In Österreich wurde der PISA-Test wie in der Mehrzahl der Teilnehmerstaaten ausschließlich am Computer durchgeführt. Der Test selbst dauerte zwei Stunden, für das Ausfüllen eines Fragebogens waren noch einmal 50 Minuten veranschlagt. Erhoben wurden die Daten bereits im April und Mai 2018 - in Österreich an mehr als 300 Schulen aller Sparten, in die Schüler des Geburtsjahrgangs 2002 gehen können. Das sind AHS, berufsbildende mittlere und höhere Schulen (BMHS), Neue Mittelschulen (NMS), Polytechnische Schulen, Sonderschulen und Berufsschulen.

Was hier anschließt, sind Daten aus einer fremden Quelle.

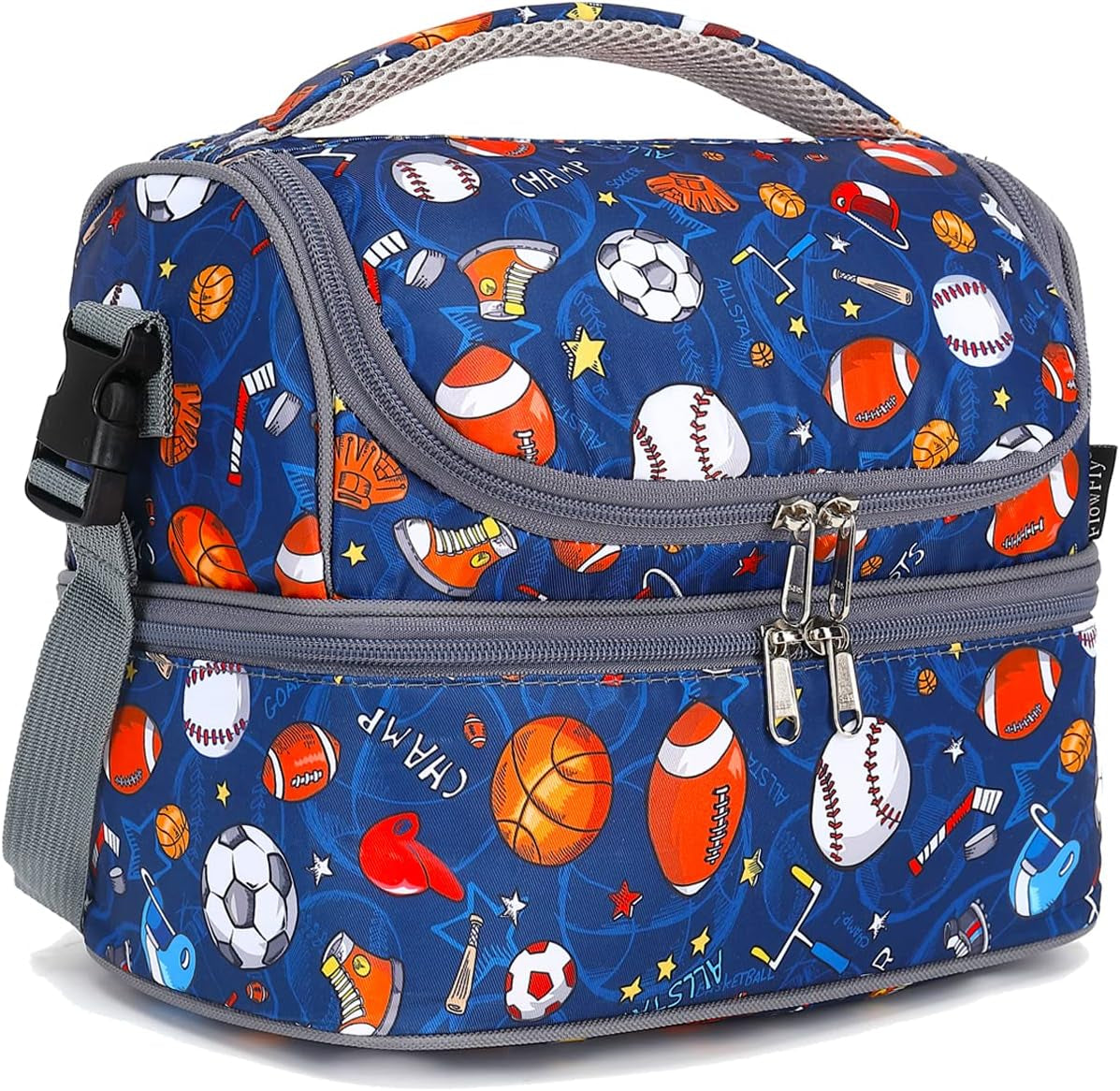 - ✿ Double Layer & Large Size::The dimension of the tough container is: L:28.5 × W: 21.5 × H: 25cm., but not too bulky. These two double-deck sections could separate cold or warm food. Top Compartment is for fruits, chips, snacks, drinks, the bottom compartment could give roomy storage space you need to hold your favorite meals,delies and lunch treat, you could fill with your lunch boxes, sandwich, food containers, condiments, fruit salad bowls, other office lunch food and so

PISA testet dabei nicht Lehrplanvorgaben ab - das wäre aufgrund der unterschiedlichen Curricula in den 80 Ländern auch gar nicht möglich. Im Mittelpunkt steht weniger Faktenwissen, sondern die Anwendung bestimmter Kompetenzen auf praxisnahe Aufgaben. Zu lösen waren sowohl Multiple-Choice-Aufgaben als auch offene Aufgaben, bei denen selbst eine Antwort formuliert werden musste. Außerdem mussten Aussagen oder Textteile mit Drag-and-Drop in die richtige Reihenfolge gebracht, im Text ein fehlendes Wort aus einem Drop-down-Menü ausgewählt oder in Naturwissenschaft Computersimulationen ausgeführt werden.
Durch den weitgehenden Computereinsatz möglich wurde diesmal erstmals eine leichte Neugestaltung des Testablaufs, schilderte der PISA-"Erfinder" und OECD-Bildungsdirektor Andreas Schleicher bei einem Webinar. Schüler bekamen demnach nicht mehr am Beginn des Tests ein fix vorgegebenes Aufgabenheft. Vielmehr enthielt nur der erste Aufgabenblock mittelschwere Angaben - anschließend bekamen jene Schüler, die diesen gut gelöst hatten, einen Block mit schwierigeren Aufgaben eingespielt und jene, die nicht gut abgeschnitten hatten, einen Block mit leichteren usw.
Diese adaptive Herangehensweise sollte verhindern, dass leistungsstärkere Schüler den Test nach einiger Zeit nicht mehr ernst nehmen bzw. leistungsschwächere nicht frustriert hinschmeißen. Die Resultate seien trotzdem vergleichbar, da jede Frage einen vorbestimmten Schwierigkeitsgrad habe. Für die Lösung schwerere Aufgaben gibt es demnach mehr Punkte, für leichtere weniger - ein ausreichender Teil der Fragen bleibe außerdem konstant, so Schleicher.